Я нашел нужное место с трудом и почти случайно. Ворота склада были распахнуты, виднелись причудливые, в стиле Пикассо, очертания груды железного старья, освещенного старой лампой: какие-то остовы кроватей, ванны, мусорные урны, автомобильные капоты; там, куда бил свет, возникали цветные пятна и полосы. Я шел по узкому каньону среди нависающего железного барахла и звал мсье Чу, но никто не отзывался. В глубине склада обнаружилась лесенка, ведшая, как я предположил, в жилище мсье Чу; меня навели на задний вход – похоже, у Домингеса имелись на это свои причины. Даже лестница была увешана старьем, завалена металлоломом – в этом сорочьем гнезде могло сгодиться и не такое. Само жилище представляло собой одну комнату, где сидело и лежало все семейство. Это походило на лагерь, который можно было в любой момент свернуть. Всюду расставлены чайные чашки, в несчетные картонные коробки свалены непонятные предметы, здесь же стояли наготове перетянутые ремнями матерчатые саквояжи. На большой кровати сидела старуха, тут же были два мальчишки и две девчонки, по полу ползал младенец под надзором трех женщин средних лет в старых крестьянских штанах и куртках бурого цвета. Два старика в синих китайских халатах из шелка играли в углу в маджонг. На мое появление никто не обратил внимания. Старики играли быстро, опознавая фишки на ощупь, издаваемые ими звуки напоминали шум гальки, переворачиваемой на пляже откатывающейся волной. Я никого не заинтересовал, только кошка прыгнула на коробку, а тощая собака, обнюхав меня, отошла в сторону.

– Мсье Чу! – позвал я.

Две женщины, не глядя на меня, покачали головами; еще одна сполоснула чашку и налила туда чаю из чайника, который держала для сохранения тепла в устланной шелком коробке. Я сел на кровать рядом со старухой, и девочка подала мне чашку. Видимо, я стал членом их сообщества наряду с кошкой и собакой – те тоже, наверное, затесались в него случайно. Младенец, ползавший по полу, дернул меня за шнурок ботинка, и никто не остановил его: на Востоке детей не укоряют. На стенах висело целых три рекламных календаря, на каждом красовалась румянощекая девушка в цветастом китайском наряде. На большом зеркале было почему-то написано «Café de Paris» – наверное, его по ошибке снесли в утиль; я сам почувствовал себя причисленным к утилю.

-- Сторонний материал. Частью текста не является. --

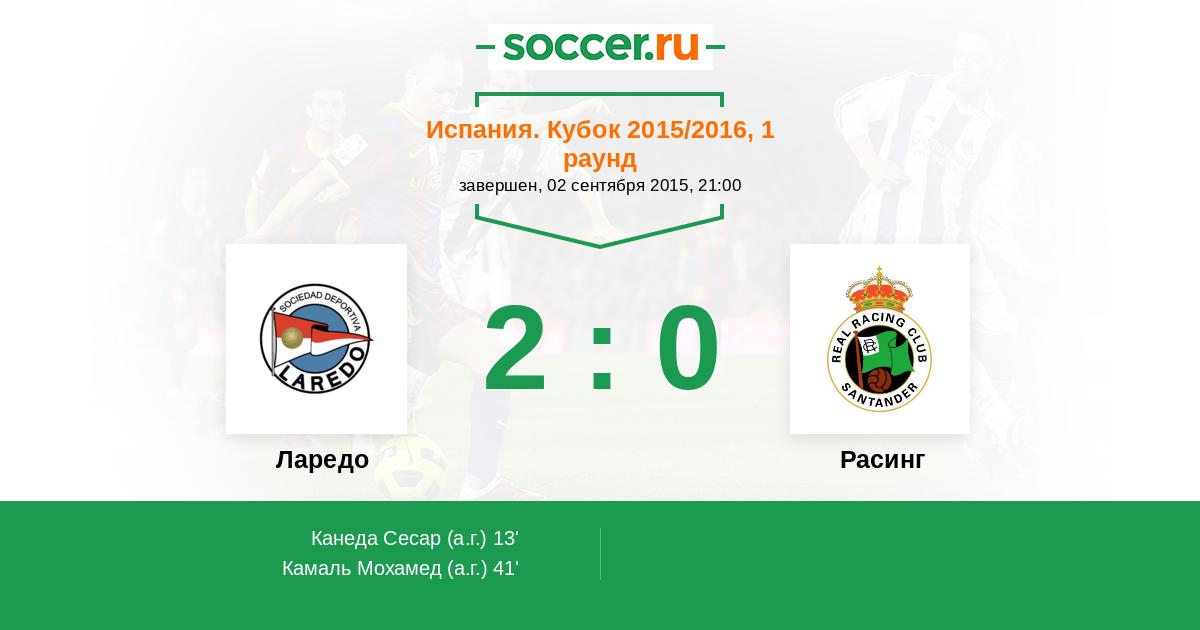 Протокол матча Ларедо против Расинг

Я медленно пил горький зеленый чай, часто перекладывая чашку без ручки из одной ладони в другую, чтобы не обжечься, и гадал, сколько времени мне придется так просидеть. Один раз я обратился к семейству по-французски, осведомившись, когда ожидается возвращение мсье Чу, но ответа не получил – меня не поняли. Мою опустевшую чашку снова наполнили. Присутствующие не прерывали прежних занятий: одна женщина гладила, одна девушка шила, мальчишки делали уроки, старуха смотрела на свои ноги – маленькие и кривые, как положено старой китаянке, собака наблюдала за кошкой, не слезавшей с коробки.

Я начинал понимать, как тяжело зарабатывал Домингес на свое скудное прожитие.

В комнату вошел истощенный китаец. Казалось, он вообще на занимает места: он смахивал на лист пергаментной бумаги, которым проложено печенье в банке. Можно было подумать, что его полосатая фланелевая пижама движется сама по себе.

– Мсье Чу? – спросил я.

Он посмотрел на меня безразличным взглядом курильщика опиума. Впалые щеки, младенческие запястья, ладошки маленькой девочки – много же лет и много трубок понадобилось, чтобы низвести его до такого состояния.

– Мой друг мсье Домингес говорил, что вы можете мне что-то показать, – сказал я. – Вы ведь мсье Чу?

Он согласился, что он и есть мсье Чу, и вежливым жестом разрешил мне сидеть. Я видел, что причина моего появления теряется в задымленных закоулках внутри его черепа. Не желаю ли я чашечку чаю? Мой визит для него большая честь. Еще одна сполоснутая чашка – вода была выплеснута на пол – перекочевала, как раскаленный уголек, мне в ладони. Я открыл для себя новую пытку – чаем.

После моего комплимента насчет многочисленности его семейства он огляделся с удивлением, словно никогда прежде не рассматривал ситуацию под этим углом.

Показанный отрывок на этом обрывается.